### Exercise directions
Copy the data verbatim and leave out every picture.

### Dataset content
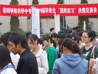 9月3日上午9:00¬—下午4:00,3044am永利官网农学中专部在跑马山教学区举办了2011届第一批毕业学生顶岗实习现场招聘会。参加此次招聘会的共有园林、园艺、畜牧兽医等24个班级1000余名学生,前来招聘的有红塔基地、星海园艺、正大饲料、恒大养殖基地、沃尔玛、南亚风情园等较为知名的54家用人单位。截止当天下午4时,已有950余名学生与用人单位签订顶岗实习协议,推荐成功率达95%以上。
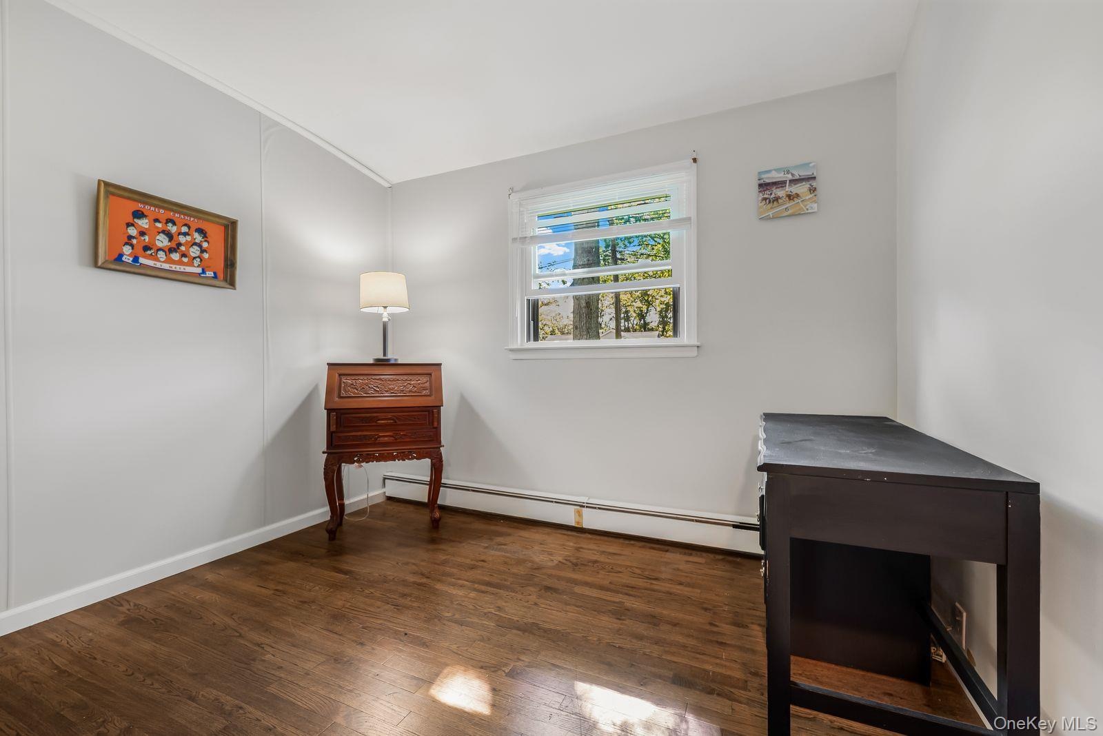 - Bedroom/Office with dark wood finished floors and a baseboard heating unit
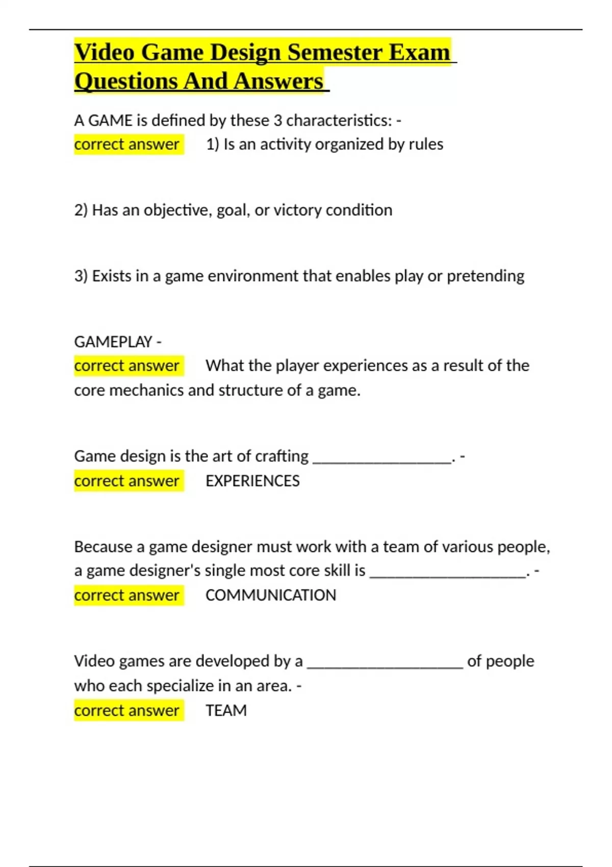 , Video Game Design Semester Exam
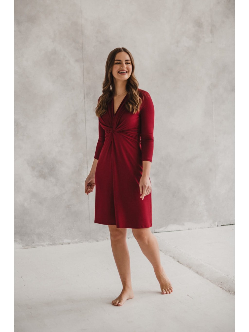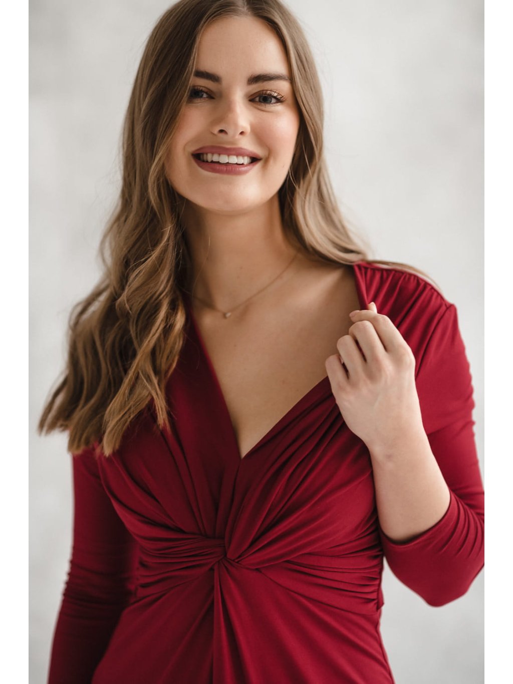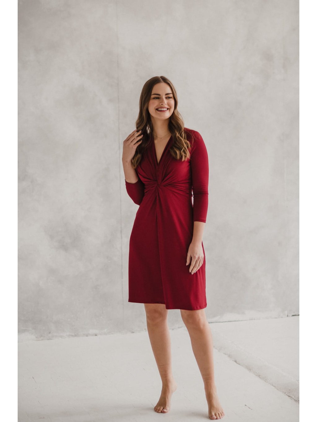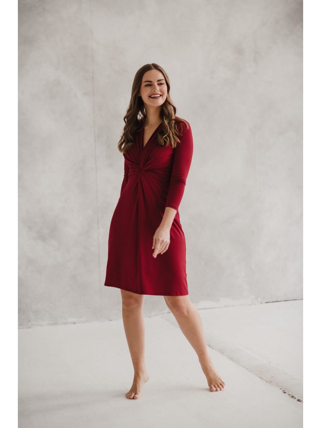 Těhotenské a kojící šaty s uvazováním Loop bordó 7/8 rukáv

### Output of the exercise
 9月3日上午9:00¬—下午4:00,3044am永利官网农学中专部在跑马山教学区举办了2011届第一批毕业学生顶岗实习现场招聘会。参加此次招聘会的共有园林、园艺、畜牧兽医等24个班级1000余名学生,前来招聘的有红塔基地、星海园艺、正大饲料、恒大养殖基地、沃尔玛、南亚风情园等较为知名的54家用人单位。截止当天下午4时,已有950余名学生与用人单位签订顶岗实习协议,推荐成功率达95%以上。
 - Bedroom/Office with dark wood finished floors and a baseboard heating unit
 , Video Game Design Semester Exam
 Těhotenské a kojící šaty s uvazováním Loop bordó 7/8 rukáv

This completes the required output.